**Task to carry out**: Please, in the data that follows, copy exactly the lines from the line with "AK Riousse, Nièvre, Vue" through the last one, both included. Do not include pictures.

::::::::::

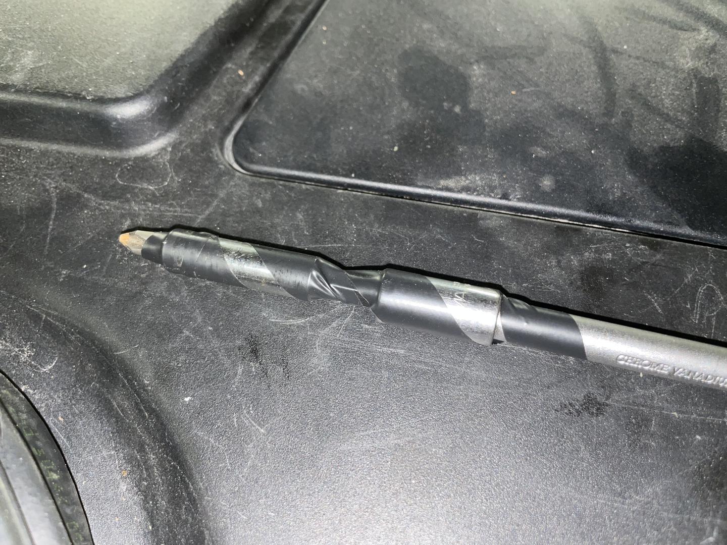 Seuraava vierihoidon toimenpide oli liimata maskin repsottava kromikehys paremmin paikoilleen: Liimauspinnat karhensin hiomapaperilla ja huuhtelin Bräkleen:llä.
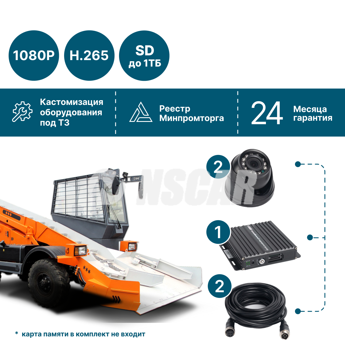 Комплект видеонаблюдения NSCAR ST2_SD Full HD предназначен для установки на коммунальную технику, снегопогрузчики, уборочные машины и другую специализированную технику. Запись ведётся в Full HD-качестве, видео сохраняется на SD-карту памяти до 1 ТБ.
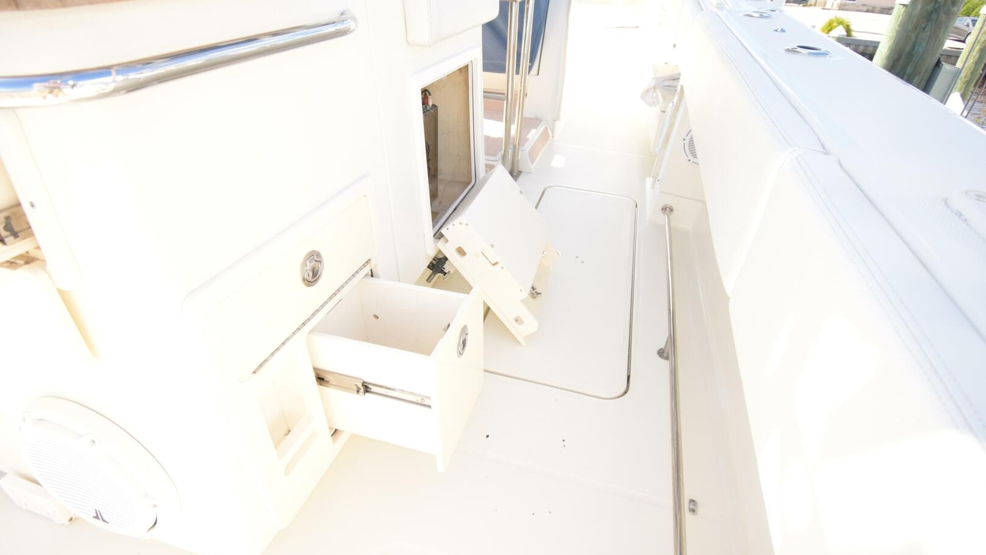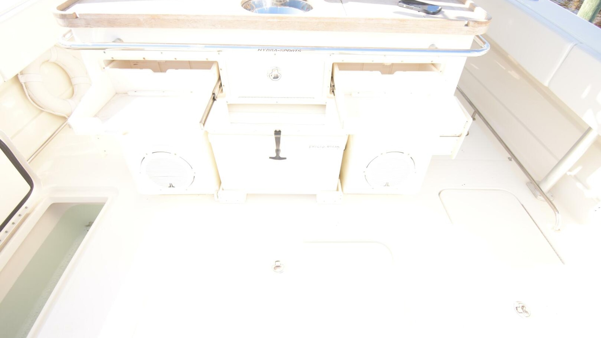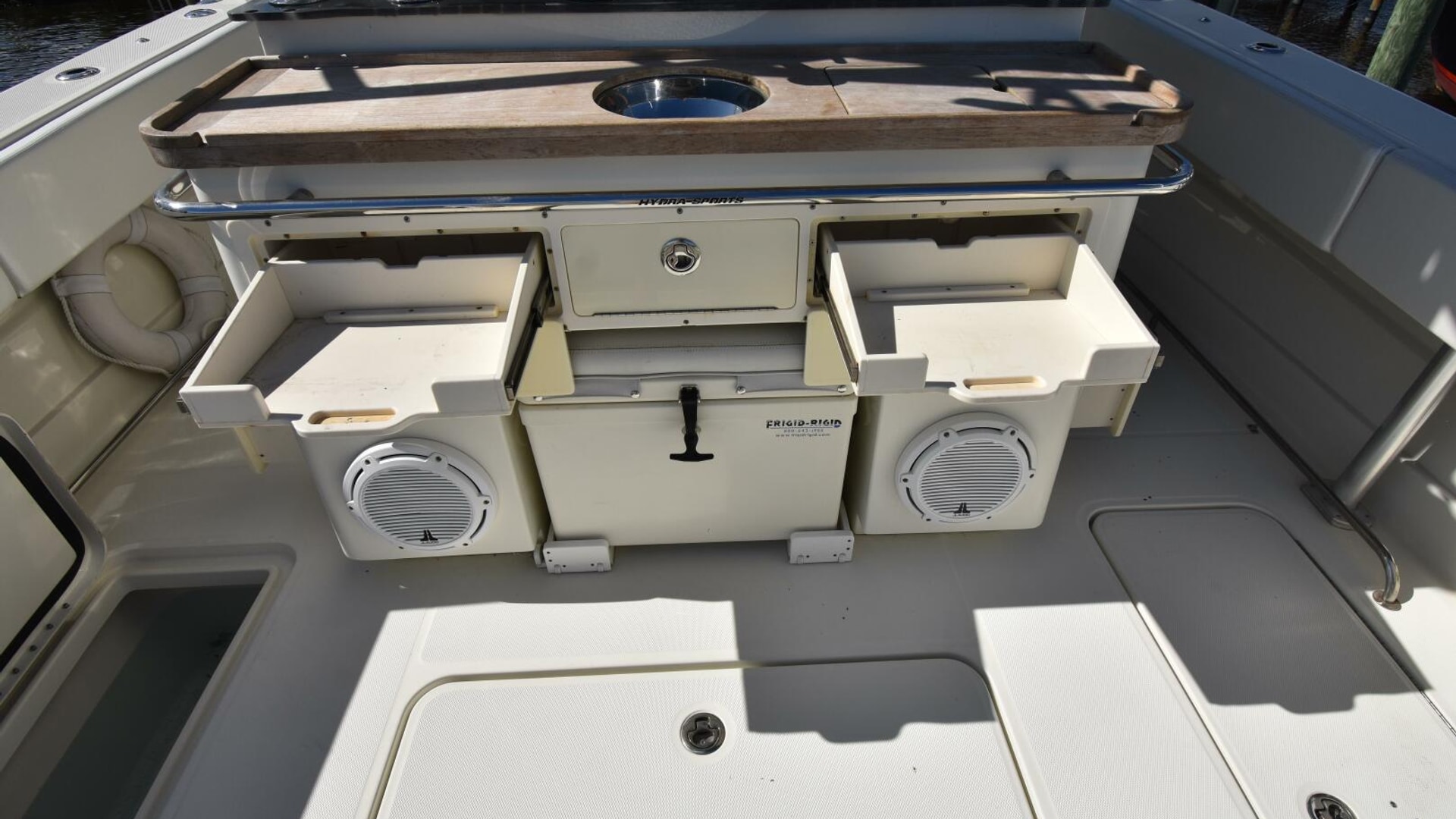 - Frigid Rigid drink boxes under gunwhale port and starboard are within reach of the helm
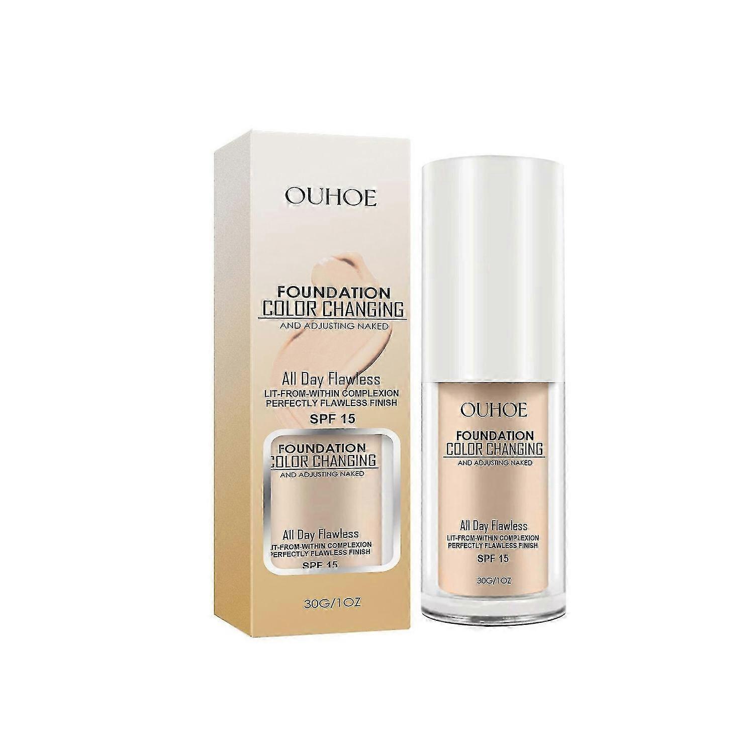Colour changing foundation: liquid foundation contains shade-sensing beads which are encapsulated pigments that deliver perfect shade transformation upon blending into skin. Once you apply on your face, it goes on white and instantly self-adjusts to match dull faces tone, exact skin tone, natural looking colour in your perfect shade.<br><br>Tinted sunscreen and moisturiser: this foundation contains SPF 15 sun protection to shield your skin from harmful UVA and UVB rays. And our colour changing foundation contains skin beautifying, moisturising and hydrating ingredients, which can maintain luster throughout the day, cover fine lines and wrinkles, and will not crease, crack or condense, and nude makeup can make the skin shine.<br><br>Match most skin tone: colour-changing foundation is a new type of concealer that can be automatically adjusted to suit your skin tone in real time. Suitable for most skin tones. So, as the makeup is thoroughly blended into skin, it intuitively transforms to your skin tone for all day, natural looking colour in your perfect shade.<br><br>Waterproof and Sweatproof: Designed for daily use, this lightweight foundation provides a silky glow to your face. And waterproof and sweatproof, so you don't have to worry about taking it off. You can say goodbye to touch-ups all day long, allowing your perfect makeup to last all day.<br><br>Easy to apply: apply appropriate amount of liquid foundation on your face to achieve your desired natural looks. Use the loose powder after using the colour changing foundation will receive a better effect that the make-up will be more docile and natural.
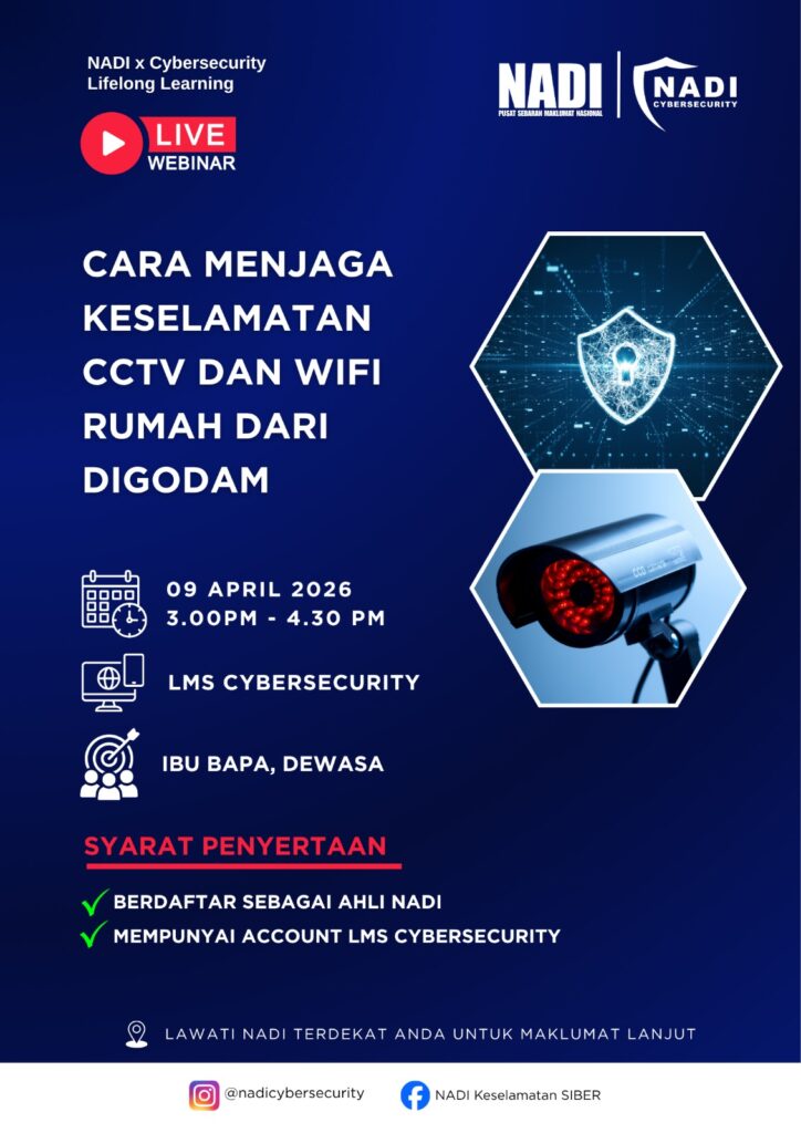 ๐ Dalam webinar ini, peserta akan didedahkan dengan langkah-langkah penting bagi melindungi rangkaian WiFi dan sistem CCTV di rumah daripada ancaman siber.
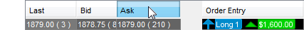 An order can be placed from the Advanced Options frame by left- or right-clicking one of the Last / Bid / Ask columns (tip: This feature exists in any frame that displays these columns). Advanced Options must be in One-click-trading Mode in order to take advantage of this method of Order Entry. General (but in-depth) Order Entry introductory material can be found in the Order Entry section of this Help. Order Entry settings can be changed from the Order Entry Properties dialog. Click here to learn more about these. Details regarding your orders and positions are displayed in the Order Entry cells in this frame. (If Order Entry columns are not displayed, they can be added from the Underlying Columns, Options Columns or Fixed Columns tab of the Advanced Options Properties.) A right-click on the Order Entry cell launches a pop-up menu that can lead to the Contingencies menu, as well as other choices, described here. |
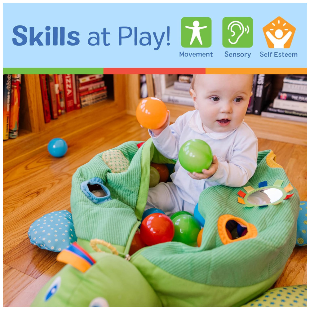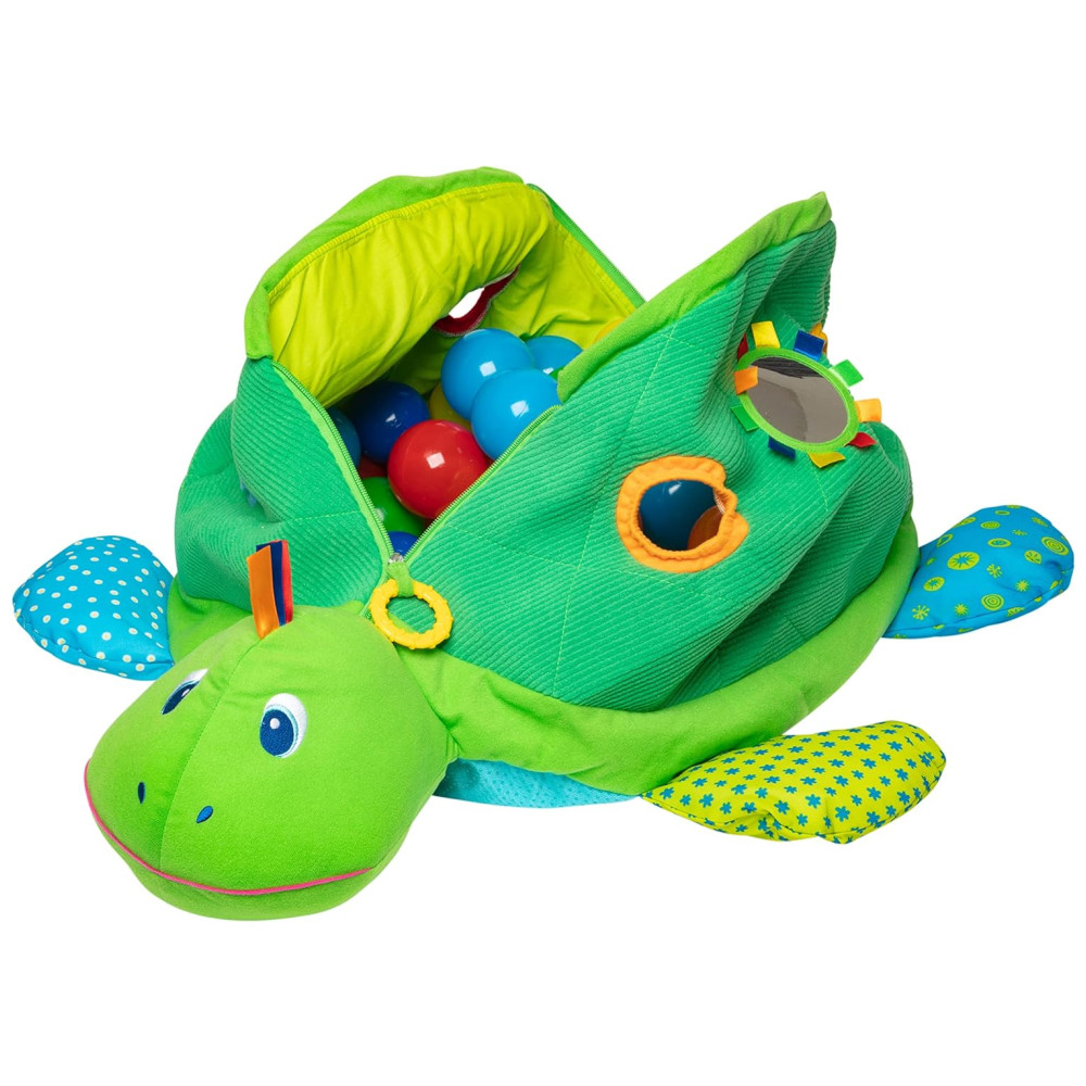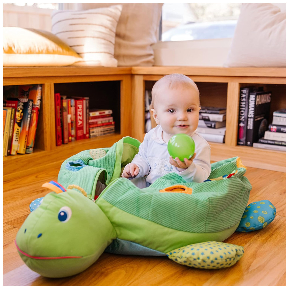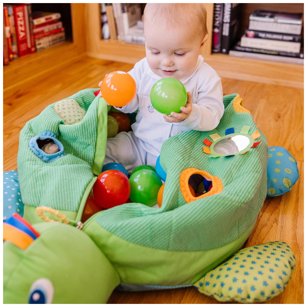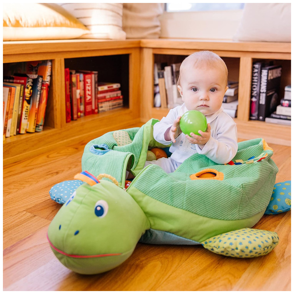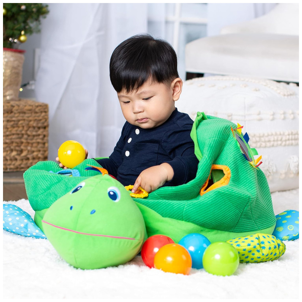 Este brinquedo é uma tartaruga gigante e amigável, com 60 bolas multicoloridas que podem ser apertadas, fáceis de agarrar, jogar e rolar. Possui zíper e abas autoadesivas que podem ser abertas para que o bebê possa sentar se dentro e fechadas para guardar as bolas e fazer um travesseiro divertido. Os recursos incluem orifícios para empurrar e puxar as bolas, fundo antiderrapante, pés enrugados, botão que range, anel texturizado, espelho, etiquetas de tecido sedoso e chocalho de bola macio anexado.
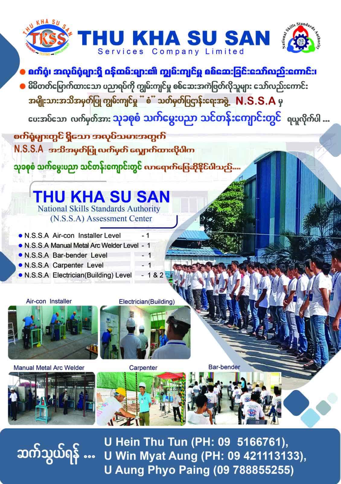 Take your professional skill test and get your National Skills Stardards Authority certificate at Thu Kha Su San.
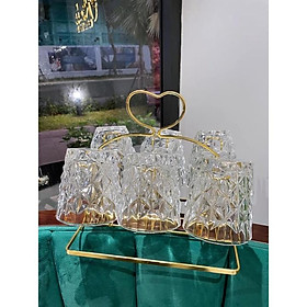 ✨Bộ 6 cốc thủy tinh uống nước hoặc rượu tây kèm giá úp cốc hình tim
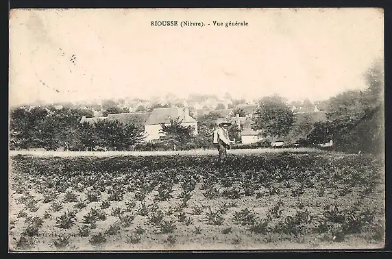 AK Riousse, Nièvre, Vue générale avec un fermier dans un champ
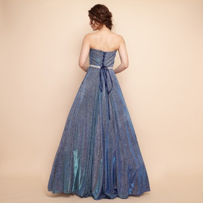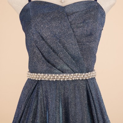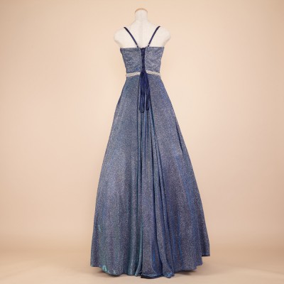 メタリックなブルーの光沢と煌めくグリッター、ANNABELLEドレスの中でも断トツの輝きを放つ主役のための演奏会ドレス。写真では伝えきれないとびっきり華やかな輝きをぜひお手に取ってお確かめください!

::::::::::

**Written reply**:
 AK Riousse, Nièvre, Vue générale avec un fermier dans un champ
 メタリックなブルーの光沢と煌めくグリッター、ANNABELLEドレスの中でも断トツの輝きを放つ主役のための演奏会ドレス。写真では伝えきれないとびっきり華やかな輝きをぜひお手に取ってお確かめください!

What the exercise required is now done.